And laughter without philosophy woven into it is but a sneeze at humor. Genuine humor is replete with wisdom, and if a piece of humor is to last, it must do two things. It must teach and it must preach – not professedly. If it does those two things professedly, all is lost. But if it does them effectively, that piece of humor will last forever – which is 30 years.
– Mark Twain
The term is not loaded with connotations of wisdom and wit, but “adolescent humor” is inescapable in the middle school. The question is, “What to do about it?”
With the recent furor over Mark Twain’s autobiography, which was embargoed for 100 years, I’m taking my cues from him (see above), especially since I like this philosophical approach to life in general.

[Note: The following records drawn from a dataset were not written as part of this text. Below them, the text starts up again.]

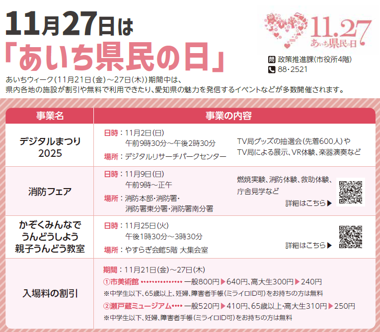 ▼あいちウィーク(11月21日(金曜)~27日(木曜))期間中は、瀬戸市でも以下のイベントが開催されます。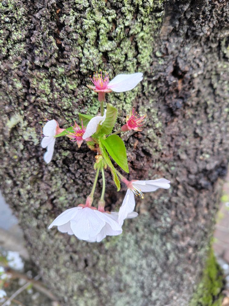 苔むした幹からの銅吹のお花のピンク色🩷映えますね⋆.˚⊹⁺🌸力強さを感じます🌸🌸🌸🌸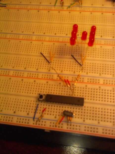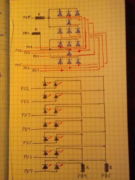 La última foto muestra el diagrama de cableado. Sin embargo, cambié un poco desde que hice el diagrama que invierte la corriente y también decidí usar PortC para cablear los LEDs en lugar de PortD como se muestra en la imagen. La razón es que PortD contiene TX y TX pines para el programador y que la izquierda no suficientes alfileres para hacer lo que quiera. PortB contiene también el oscilador de cristal tan nuevo no hay suficientes pernos para mí. Por lo tanto estoy usando PortC. Eso me da 6 pines de los LEDs exteriores en el centro LED controlo con pin PB1 y un dado.
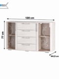 Габариты комода составляют 130 см в ширину, 77 см в высоту и 44 см в глубину, что позволяет разместить его даже в небольших помещениях.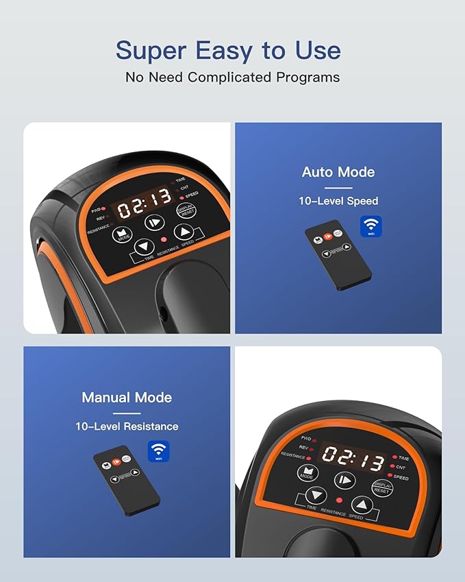 Unlike other electric under desk ellipticals, there are no complicated programs on our machines . All you have to do is press the button on the remote control and start moving.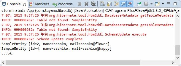 manager.remove(entity);エンティティを削除します。これはEntityManagerの「remove」メソッドを使います。引数に、データベースから取り出したエンティティのインスタンスを指定すると、それをデータベースから取り除きます。manager.flush();最後にEntityManagerをflushし、EntityTransactionをcommitすれば、データベースの更新が完了し、データが削除されます。――いかがですか。エンティティの更新がわかれば、削除もほぼ同じ感覚で行えるでしょう?

I suspect it has much to do with the development of abstract thinking. During adolescence we develop a much greater ability to see and to create subtexts. With humor, the philosophy is behind the scenes, which makes it deep and resonant, but harder to see.
Background context is also important with humor, especially parody and satire: however, just because students can’t reference Plato or Socrates (the philosopher not the footballer), does not mean they don’t have their own cultural markers they can critique. Getting past “adolescent humor” means adding layers.

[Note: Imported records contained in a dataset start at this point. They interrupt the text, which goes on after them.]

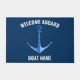Welcome guests in nautical style with this Anchor Boat Name Mat, featuring a watercolor rustic blue anchor and the words Welcome Aboard. Personalize it with your own boat name for a truly unique touch that captures the essence of life on the water. Made to withstand the elements while adding a charming coastal flair to your boat or beach house entryway, this mat is a perfect gift for sailing enthusiasts. Make every entrance feel like you're setting sail on a new adventure! 🌊⛵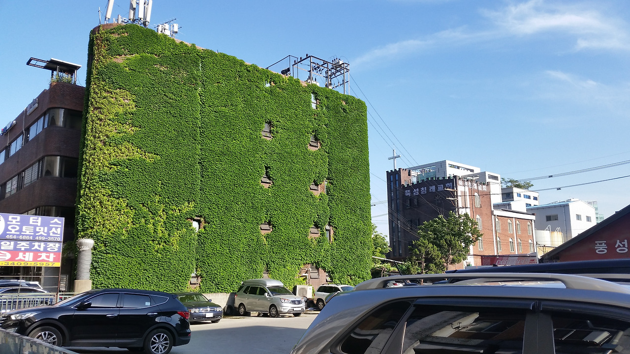 성수역 인근 뚝섬 침례교회 앞에 있는 건물인데, 건물 벽 한 면 전체가 무성한 담쟁이덩굴로 완전히 뒤덮여 있는 모습이다. 건물이 이불을 뒤집어쓰고 있는 것 같다. (2015년 8월 사진)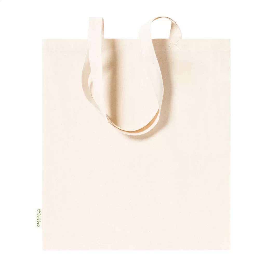 Organikus pamut bevásárlótáska hosszú hordfüllel. 100% organikus pamut, 140 g/ m².

I am, of course, no expert on humor. This cycle I’m working with the mentor author group and my project is focusing on humorous dialogue. I have no high hopes, but I’m giving it the old college try.
None of this made it any easier last week, when I had to explain editorial cartoons. Our class is trying something new for a newsletter, a newspaper style. I vetoed Garfield-like strips as too simple, and insisted that their cartoons had to make a statement first and aim for humor second. The first student who volunteered for the job gave up after a couple hours of pulling his hair out. I think I’ll try showing them some editorial cartoons if I can find a good website. We’ll see how it goes.